*** Data section Section Begins ***
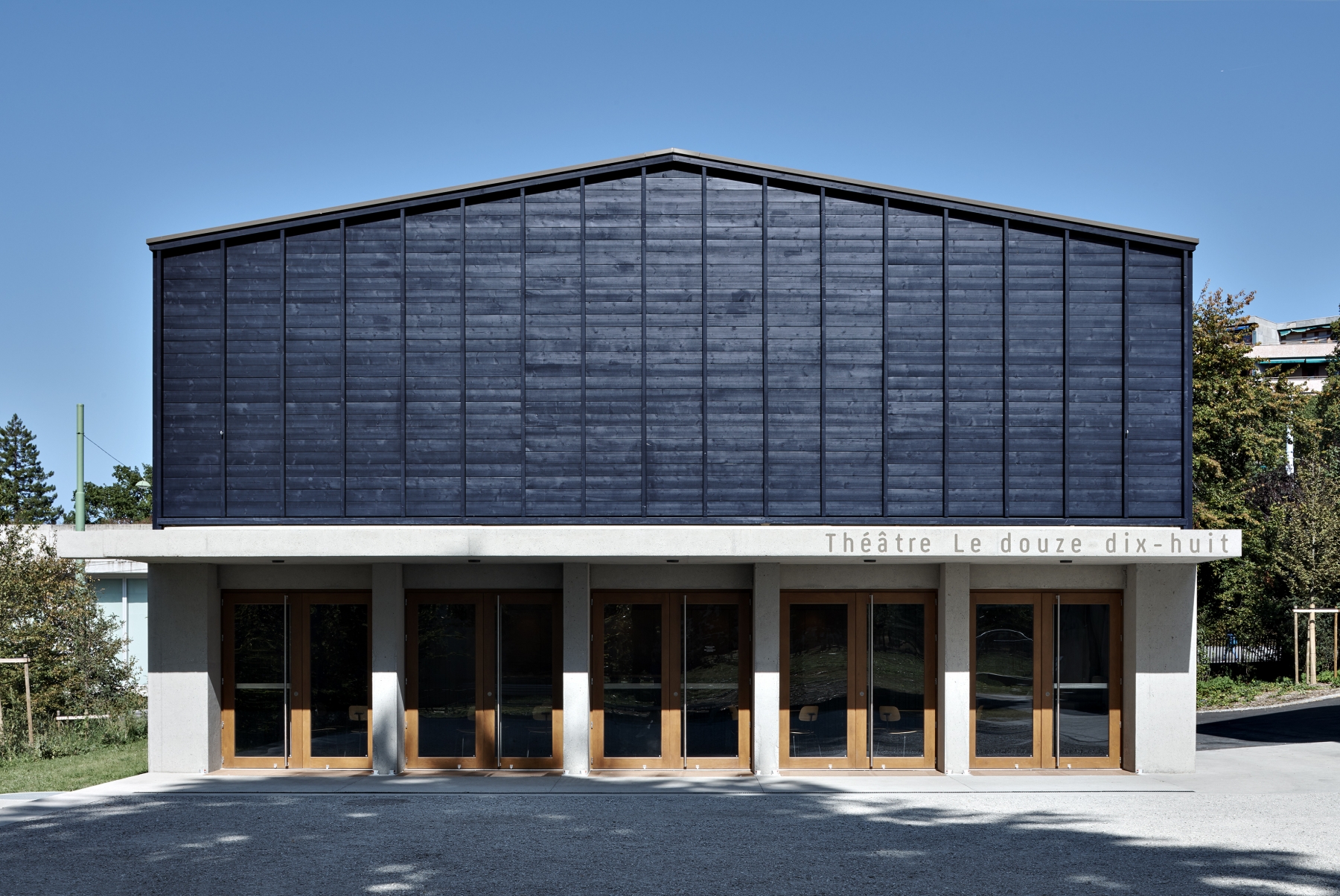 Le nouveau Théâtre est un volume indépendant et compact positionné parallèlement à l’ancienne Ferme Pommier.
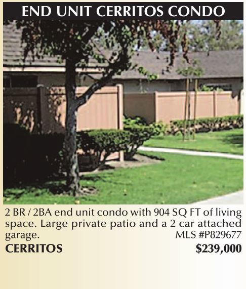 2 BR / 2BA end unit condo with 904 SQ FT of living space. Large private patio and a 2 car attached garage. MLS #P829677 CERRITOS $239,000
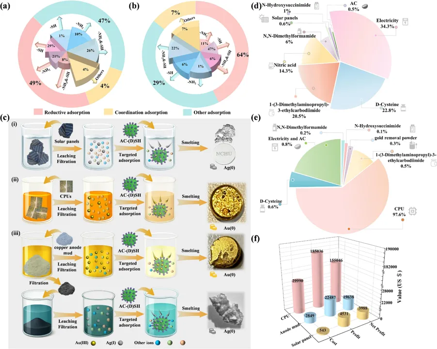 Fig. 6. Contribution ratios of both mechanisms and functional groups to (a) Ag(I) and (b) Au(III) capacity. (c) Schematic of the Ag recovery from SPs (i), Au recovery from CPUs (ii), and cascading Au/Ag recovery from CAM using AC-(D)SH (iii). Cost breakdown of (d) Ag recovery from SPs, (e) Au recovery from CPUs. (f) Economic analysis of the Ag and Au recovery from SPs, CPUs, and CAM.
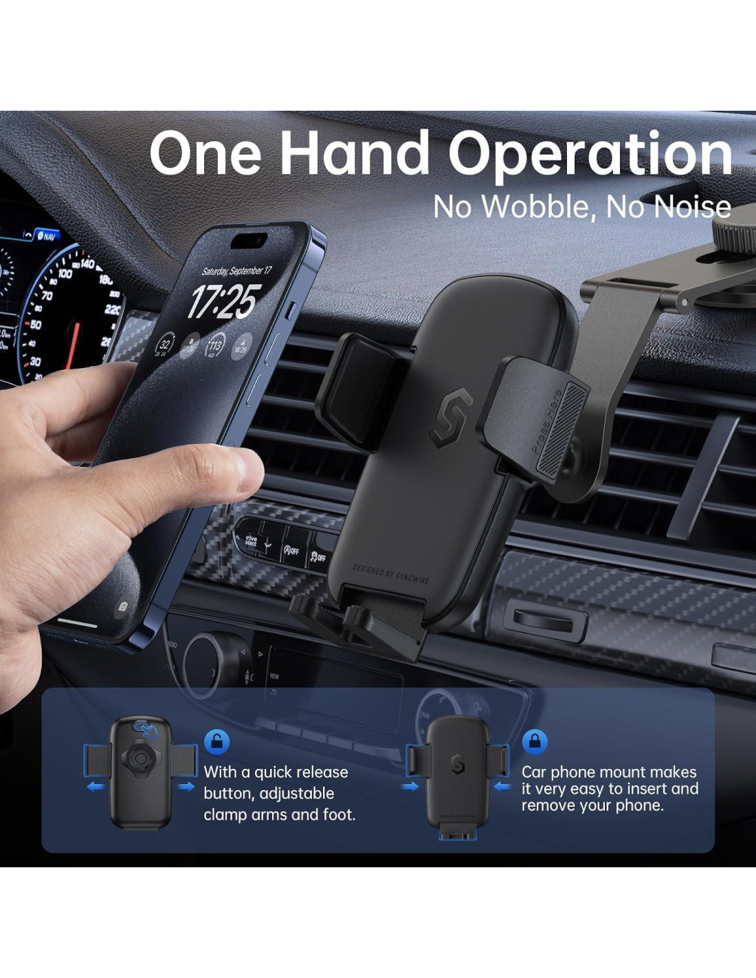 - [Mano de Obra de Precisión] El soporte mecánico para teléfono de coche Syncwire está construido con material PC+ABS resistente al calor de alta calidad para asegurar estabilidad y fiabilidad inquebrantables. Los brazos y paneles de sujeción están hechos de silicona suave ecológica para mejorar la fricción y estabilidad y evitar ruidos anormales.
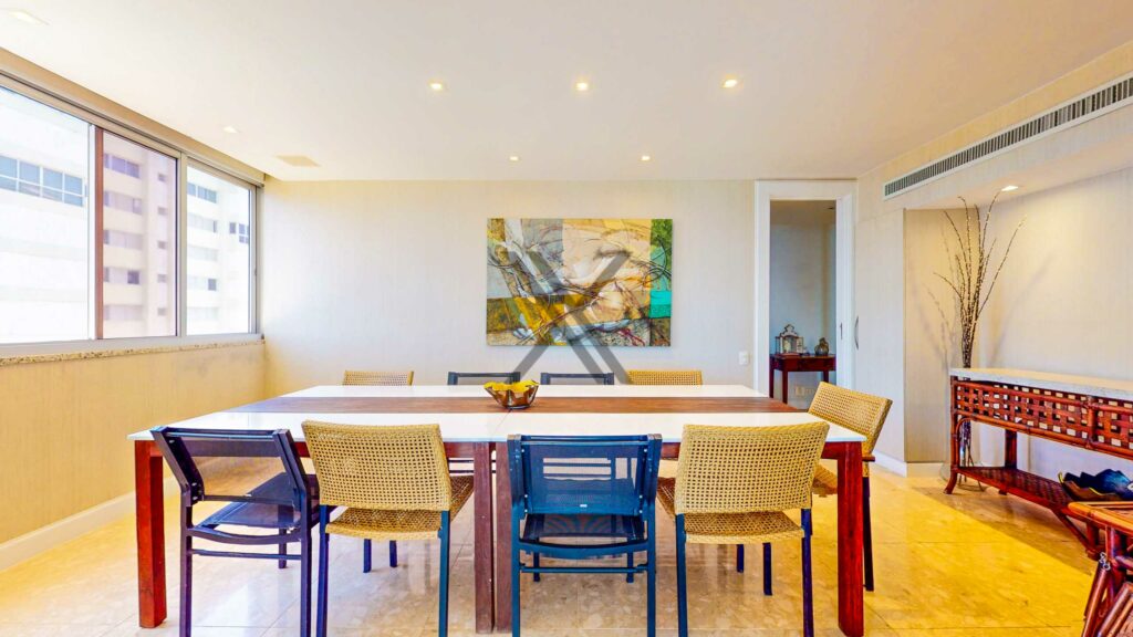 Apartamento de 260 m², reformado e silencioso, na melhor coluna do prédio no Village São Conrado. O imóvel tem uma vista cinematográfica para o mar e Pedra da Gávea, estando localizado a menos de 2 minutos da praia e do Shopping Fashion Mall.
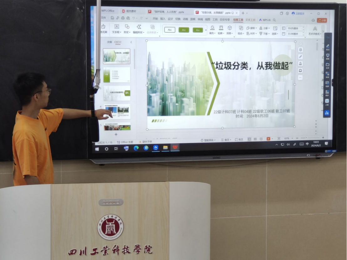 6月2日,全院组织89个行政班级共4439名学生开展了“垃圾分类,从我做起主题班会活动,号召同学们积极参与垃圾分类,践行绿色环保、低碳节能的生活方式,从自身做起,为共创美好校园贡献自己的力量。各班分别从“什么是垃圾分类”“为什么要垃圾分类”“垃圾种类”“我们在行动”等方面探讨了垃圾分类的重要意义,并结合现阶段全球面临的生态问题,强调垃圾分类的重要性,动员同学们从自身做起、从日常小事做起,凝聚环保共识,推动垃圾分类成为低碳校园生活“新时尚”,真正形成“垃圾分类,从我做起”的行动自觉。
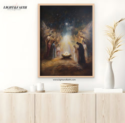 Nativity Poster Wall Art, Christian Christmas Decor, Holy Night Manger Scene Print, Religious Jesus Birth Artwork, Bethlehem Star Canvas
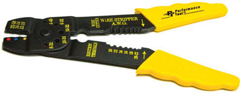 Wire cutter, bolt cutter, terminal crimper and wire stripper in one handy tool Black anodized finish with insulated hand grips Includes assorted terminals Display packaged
*** Data section Section Ends ***
*** Data section Section Begins ***
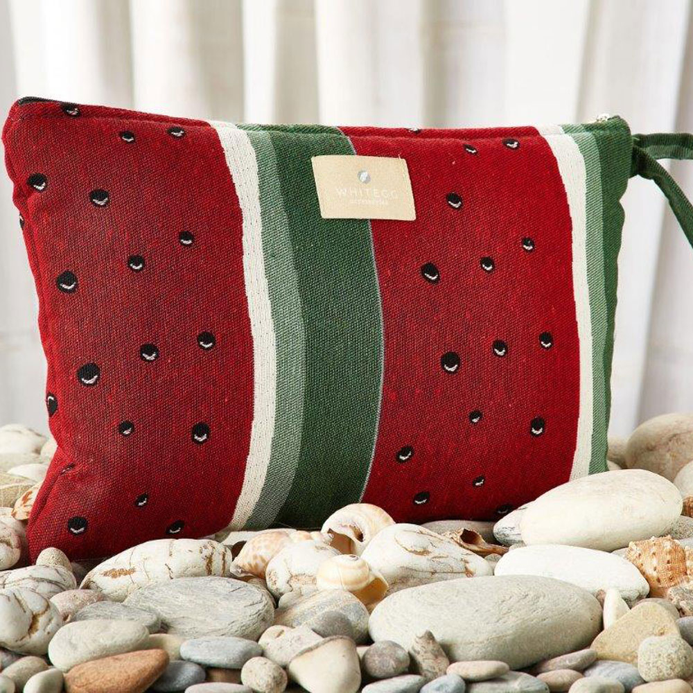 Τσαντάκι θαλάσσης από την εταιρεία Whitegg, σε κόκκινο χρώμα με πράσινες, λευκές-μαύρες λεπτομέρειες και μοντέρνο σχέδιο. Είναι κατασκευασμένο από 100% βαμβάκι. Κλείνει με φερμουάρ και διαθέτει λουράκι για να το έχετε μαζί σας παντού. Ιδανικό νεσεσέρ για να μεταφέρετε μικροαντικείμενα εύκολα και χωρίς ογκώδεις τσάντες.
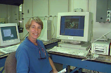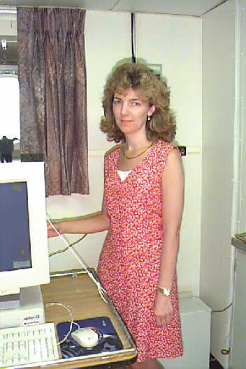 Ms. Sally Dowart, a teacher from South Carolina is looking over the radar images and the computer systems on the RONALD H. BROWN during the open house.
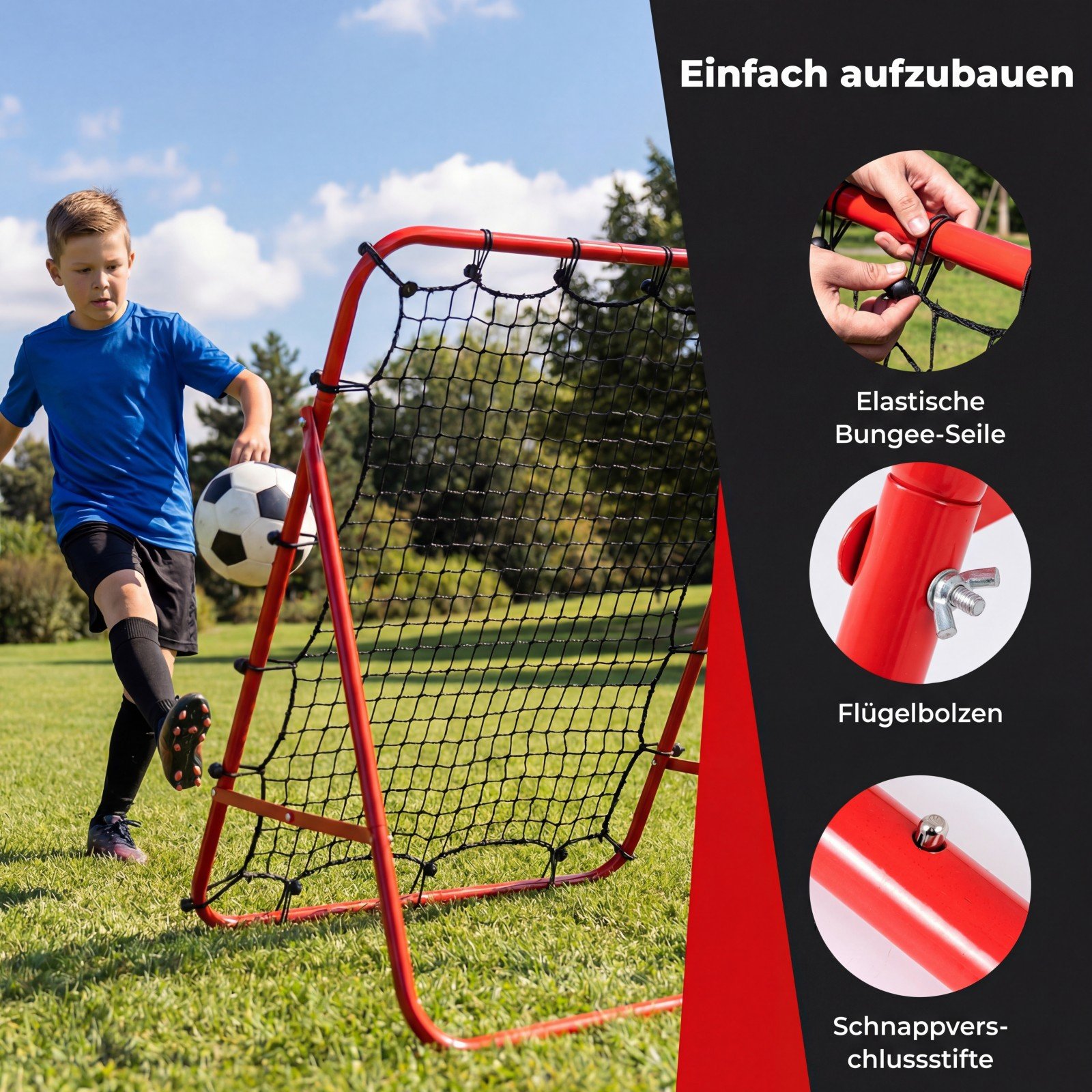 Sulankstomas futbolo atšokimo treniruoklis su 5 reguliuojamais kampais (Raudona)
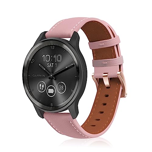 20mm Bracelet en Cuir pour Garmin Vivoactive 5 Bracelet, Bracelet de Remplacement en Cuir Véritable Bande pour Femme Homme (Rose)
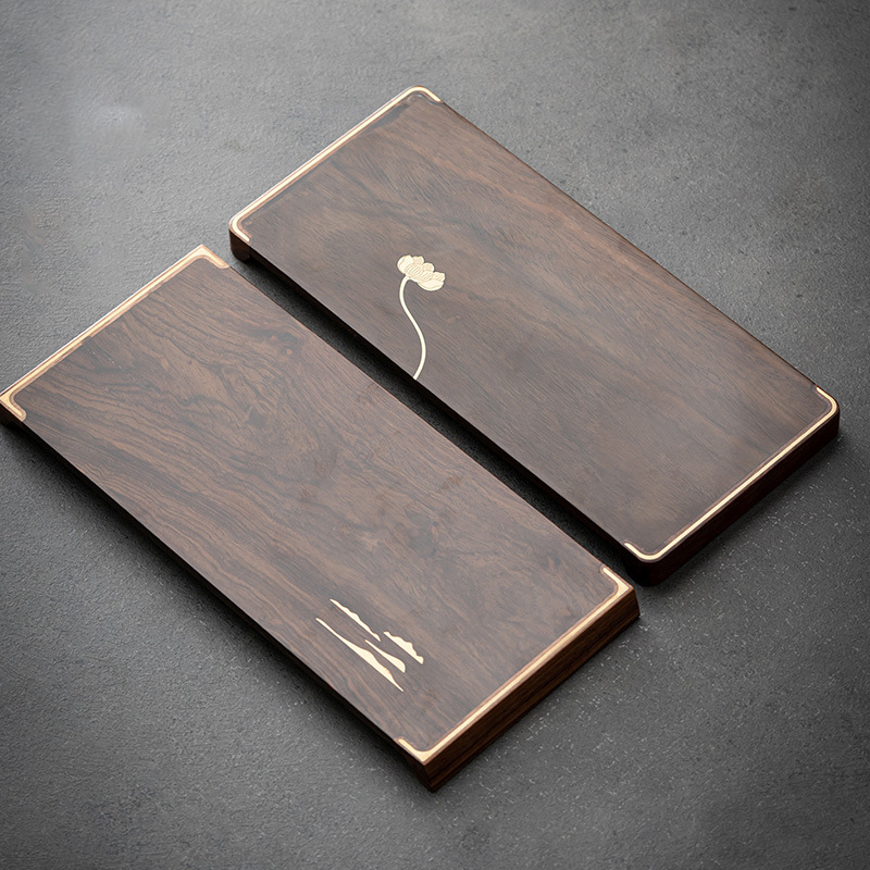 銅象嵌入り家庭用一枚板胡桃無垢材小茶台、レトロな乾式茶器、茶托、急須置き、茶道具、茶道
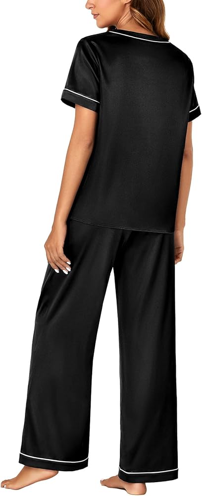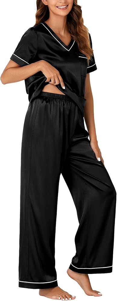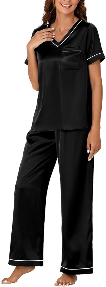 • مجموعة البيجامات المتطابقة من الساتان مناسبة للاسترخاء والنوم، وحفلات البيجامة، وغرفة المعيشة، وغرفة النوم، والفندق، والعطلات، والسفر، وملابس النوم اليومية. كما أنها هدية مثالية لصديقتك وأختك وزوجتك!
*** Data section Section Ends ***
Above are the records; please give again, exactly and in full, only the lines that run from the line with "銅象嵌入り家庭用一枚板胡桃無" through the line with "لصديقتك وأختك وزوجتك!", with no pictures.

#### [Task answer]
 銅象嵌入り家庭用一枚板胡桃無垢材小茶台、レトロな乾式茶器、茶托、急須置き、茶道具、茶道
 • مجموعة البيجامات المتطابقة من الساتان مناسبة للاسترخاء والنوم، وحفلات البيجامة، وغرفة المعيشة، وغرفة النوم، والفندق، والعطلات، والسفر، وملابس النوم اليومية. كما أنها هدية مثالية لصديقتك وأختك وزوجتك!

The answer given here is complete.